Shawn and the others had followed suit, grunting a little as they came off their saddles. It had been a slow, tedious climb and leaving the leather was a welcome break.

Taking up the sack of grub and cooking gear, Starbuck motioned Walt Moody to a log where he could sit and be out of the way, and then moved to the center of the clearing. Brandon, rifle in hand, doubled back to the trail for his customary look at the country ahead. Rome led the horses off to one side and Dave Gilder began his quest for dry wood.

It was more plentiful among the rocks, and shortly he had a brisk fire going for Shawn to set his containers of water over. A piñon jay appeared and began to flit nervously about in the nearby trees. His noisy scolding quickly attracted others and soon a dozen or more of the slate blue birds were voicing their harsh disapproval of intruders, from the safety of the pines and spruces.

Shawn, hunched over the flames, frying bacon and chunks of potatoes he’d baked that previous night while they lazed around the campfire, glanced up as Rome paused before him.

“I heard you arguing with the marshal about your brother. He willing to let you go first?”

“Hasn’t said so.”

“Still aims to shoot first—then look?”

Starbuck nodded. “I don’t much think my brother’s with them, but I’d like to be sure.”

Rome drew out his cigarette sack. “That’s not the way the law’s supposed to work, anyway. We ought to give them a chance to quit.”

“That’s the way I see it, too, but I figured, having a personal interest, I could be looking at it one-sided.” Starbuck hesitated, then said: “If I was to take over from the marshal, handle this the way I think a lawman should, where would you stand?”

“With you,” Rome said promptly. “Right’s right, and Brandon’s sure wrong—planning murder the way he is.”

Shawn stirred the contents of the spider slowly. “I’m not one to buck the law. I always believed it was due respect regardless of who wore the star, and that’s got me trying to convince myself that what I’m thinking of doing is for the sake of the law and not because of my brother.”

Rome turned to Dave Gilder, coming back into the clearing with another armload of wood. “We’d like for you to hear this. We don’t figure the marshal’s acting like a marshal,” he said. “The way we see it, he ought to give those outlaws a chance to give in—not shoot them down.”

“It amounts to murder,” Moody said from his place on the log.

Shawn glanced at the man.
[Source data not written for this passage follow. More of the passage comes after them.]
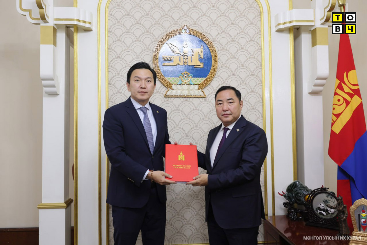 Монгол Улсын Их Хурлын дэд дарга Б.Пүрэвдоржид өнөөдөр (2025.10.30) Улсын Их Хурлын гишүүн, Засгийн газрын гишүүн, Монгол Улсын Тэргүүн шадар сайд бөгөөд Эдийн засаг, хөгжлийн сайд Н.Учрал “Монгол Улсыг 2026-2030 онд хөгжүүлэх таван жилийн үндсэн чиглэл батлах тухай” Улсын Их Хурлын тогтоолын төслийг өргөн мэдүүллээ.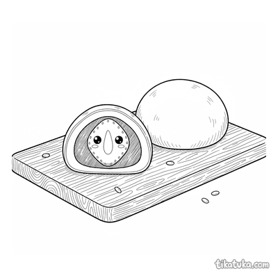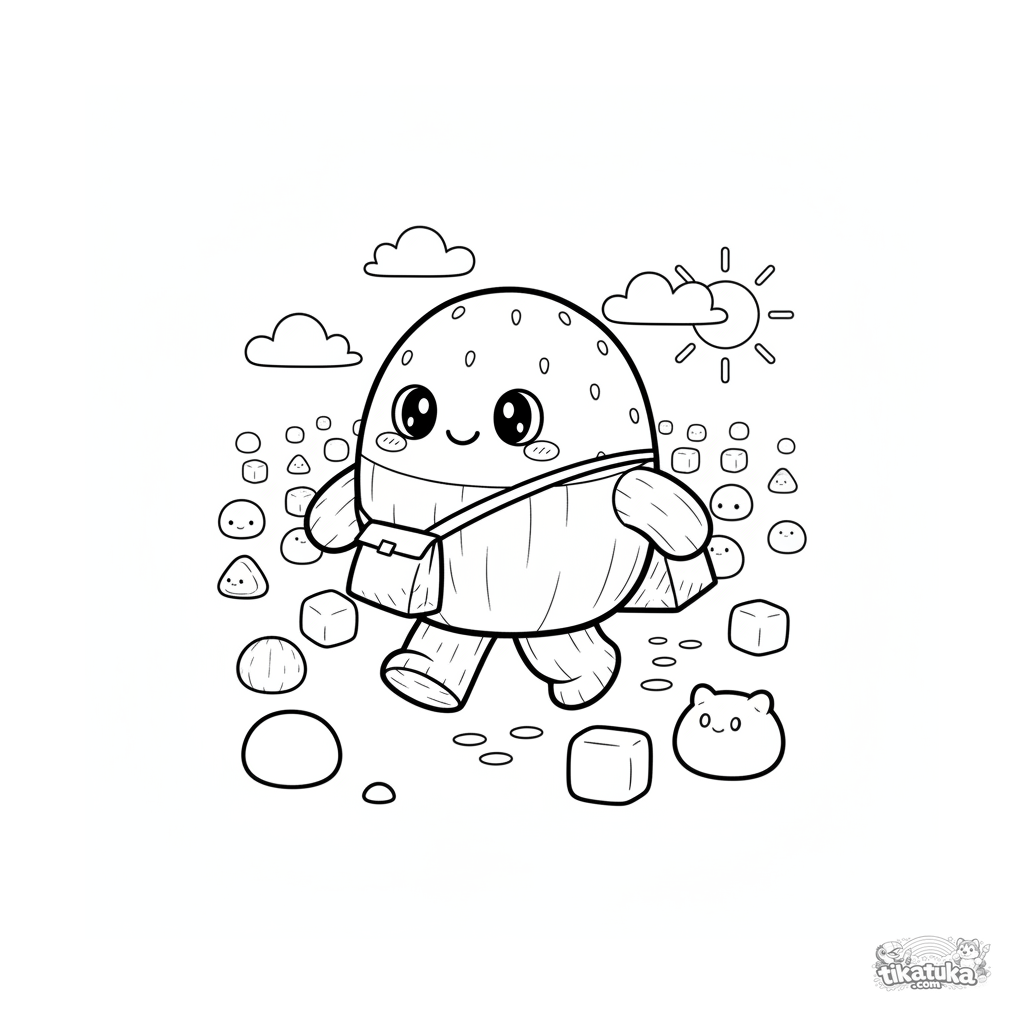 Ausmalbild: Ein Erdbeer-Mochi-Lieferjunge marschiert durch ein Mochi-Feld. Dynamische Szene im Spielzeugstil für 7-9 Jahre.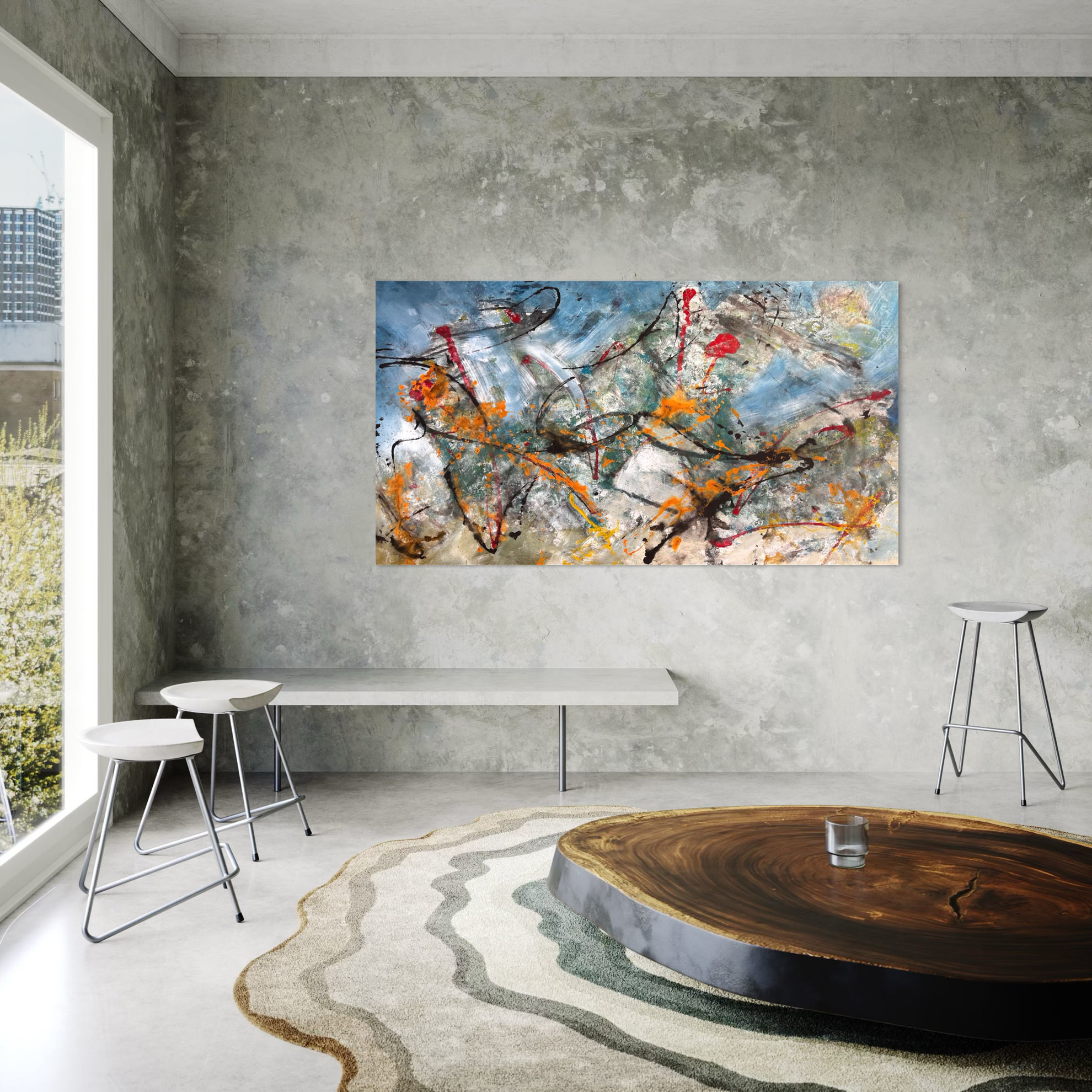 Quest'opera è una finestra aperta sui nostri ambienti verso spazi infiniti capace di donare profondità all’ambiente e uno sguardo incantato, una nota di grande impatto visivo, derivantedalla carriera del giovane artista anche come scenografo.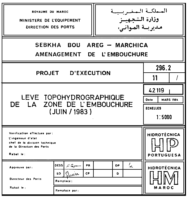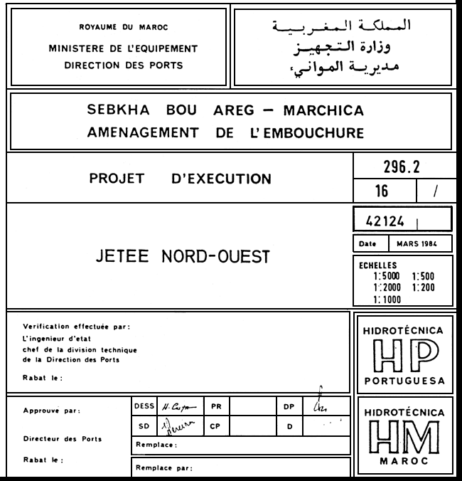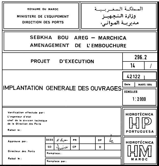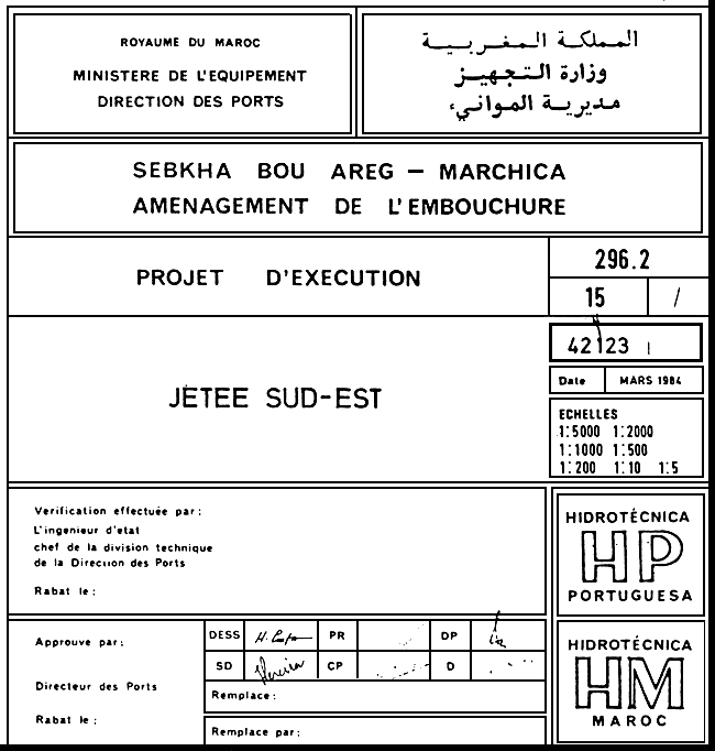 - ultérieurement, par un AVANT PROJET DETAILLE (A.P.D) en date d'août 1983, puis par un PROJET D'EXECUTION (P. Ex) en date de mars 1984, tous deux établis par le Bureau d'études - LABORATORIE D'HYDRAULIQUE : HIDROTECNICA PORTUGUESA représenté au Maroc par le Bureau d'Etudes HIDROTECNICA - MAROC.

He had assumed him to be dozing and unaware of the conversation.

Gilder dropped the firewood, rubbed at his jaw nervously. “I—I don’t know. They ain’t nothing but killers. Not deserving of decent treatment.”

“The law says every man’s entitled to a fair trial,” Rome pointed out. “Or don’t you figure the law ought to apply to every man?”

Gilder stared at Able bleakly. “Sure I do, only when—”

The sudden smash of rifle shots echoed through the canyons and across the plateaus. Starbuck, features grim, leaped to his feet. Drawing his pistol, he ran toward the trail.

“No use talking about it,” he shouted. “Brandon’s, spotted them!”